Data extract below:

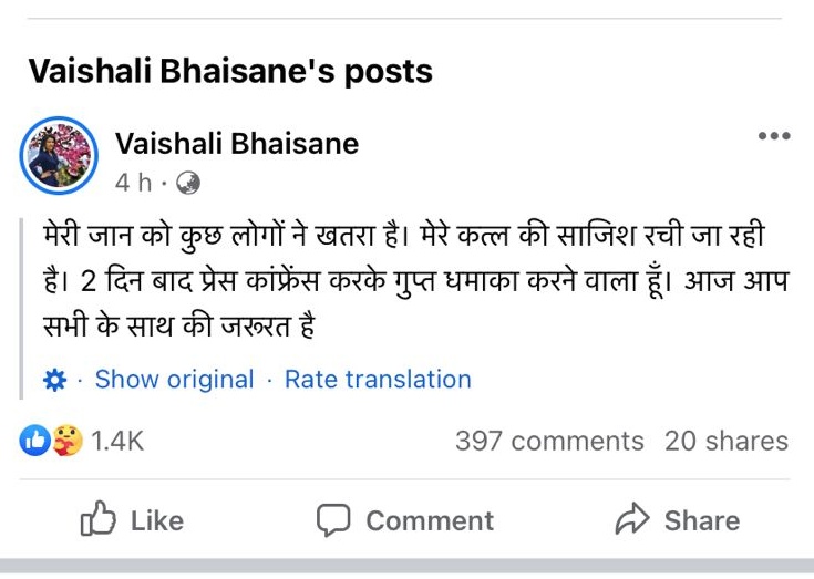 वैशाली माडे ने अपने फेसबुक अकाउंट पर पोस्ट शेयर कर अपनी जान का खतरा बचा है। हालांकि जिस अकाउंट से उन्होंने ये पोस्ट शेयर किया है वह वेरिफाइड अकाउंट नहीं है। लेकिन उनके इस पेज को उनका ऑफिशियल पेज बताया जा रहा है। इस पेज पर उन्हें 149K लोग फॉलो करते हैं।
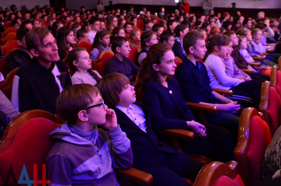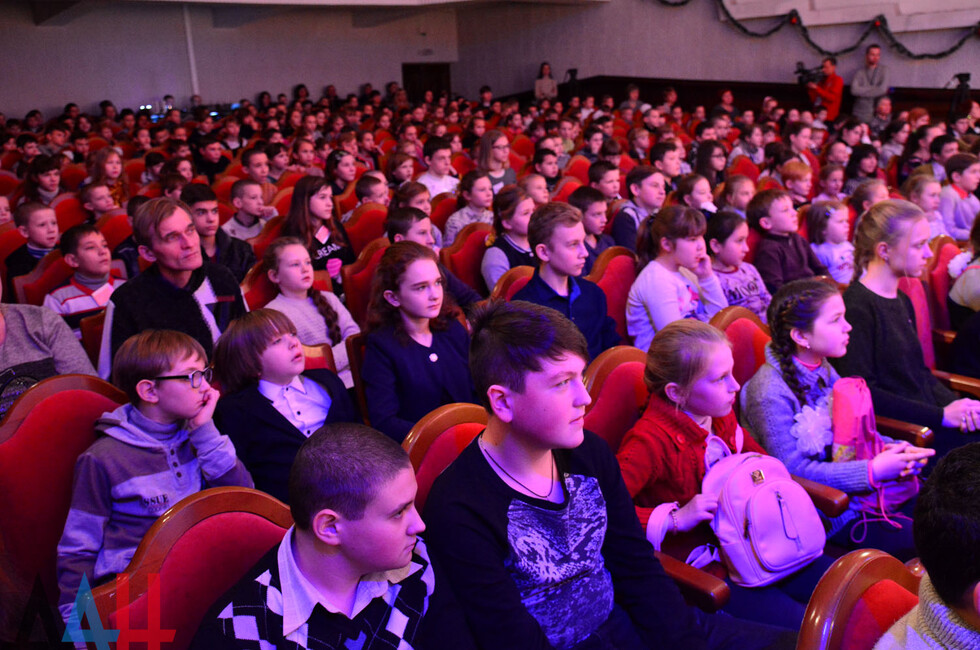 В зале собрались 450 ребят от шести до 12 лет. В числе присутствующих – дети-сироты, дети погибших военнослужащих и пострадавшие от боевых действий из разных городов и районов ДНР.
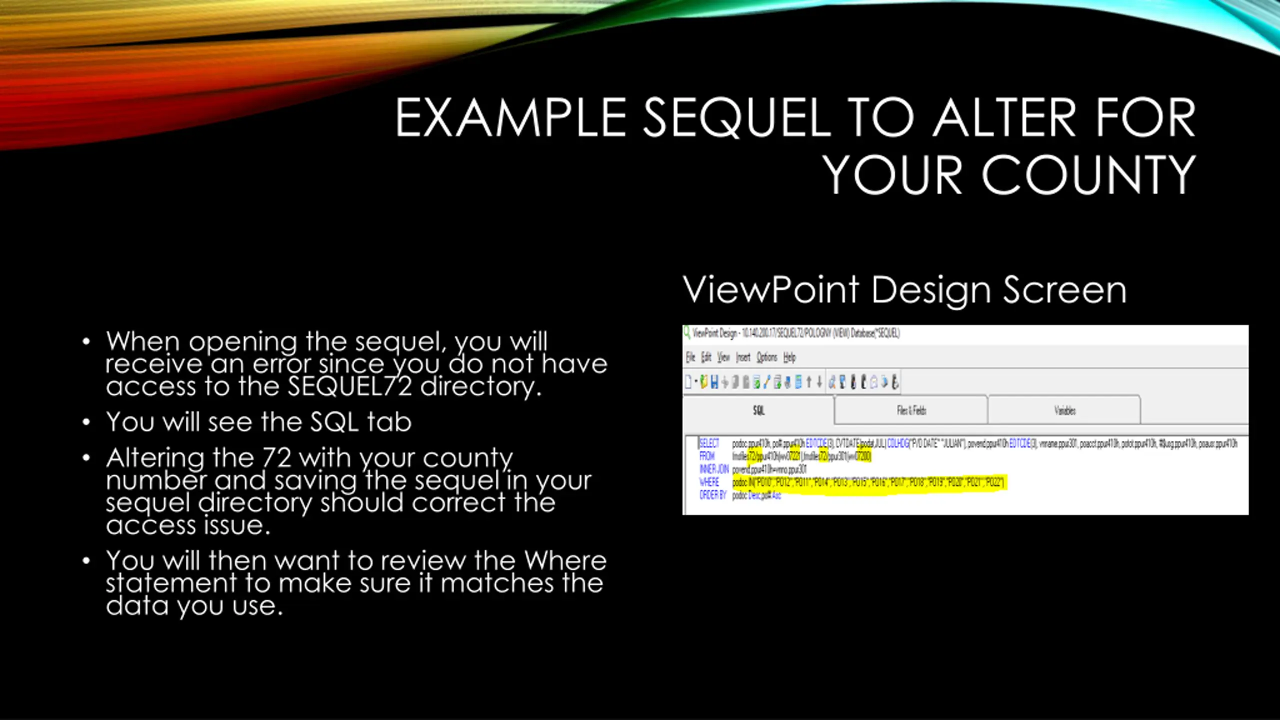 EXAMPLE SEQUEL TO ALTER FOR YOUR COUNTY ViewPoint Design Screen When opening the sequel, you will receive an error since you do not have access to the SEQUEL72 directory. You will see the SQL tab Altering the 72 with your county number and saving the sequel in your sequel directory should correct the access issue. You will then want to review the Where statement to make sure it matches the data you use.

End of Data extract.

What is being asked:
Repeat only the lines from the beginning of the material through the line containing "В зале собрались", both ends kept, leaving pictures out.

Output of the task:
 वैशाली माडे ने अपने फेसबुक अकाउंट पर पोस्ट शेयर कर अपनी जान का खतरा बचा है। हालांकि जिस अकाउंट से उन्होंने ये पोस्ट शेयर किया है वह वेरिफाइड अकाउंट नहीं है। लेकिन उनके इस पेज को उनका ऑफिशियल पेज बताया जा रहा है। इस पेज पर उन्हें 149K लोग फॉलो करते हैं।
 В зале собрались 450 ребят от шести до 12 лет. В числе присутствующих – дети-сироты, дети погибших военнослужащих и пострадавшие от боевых действий из разных городов и районов ДНР.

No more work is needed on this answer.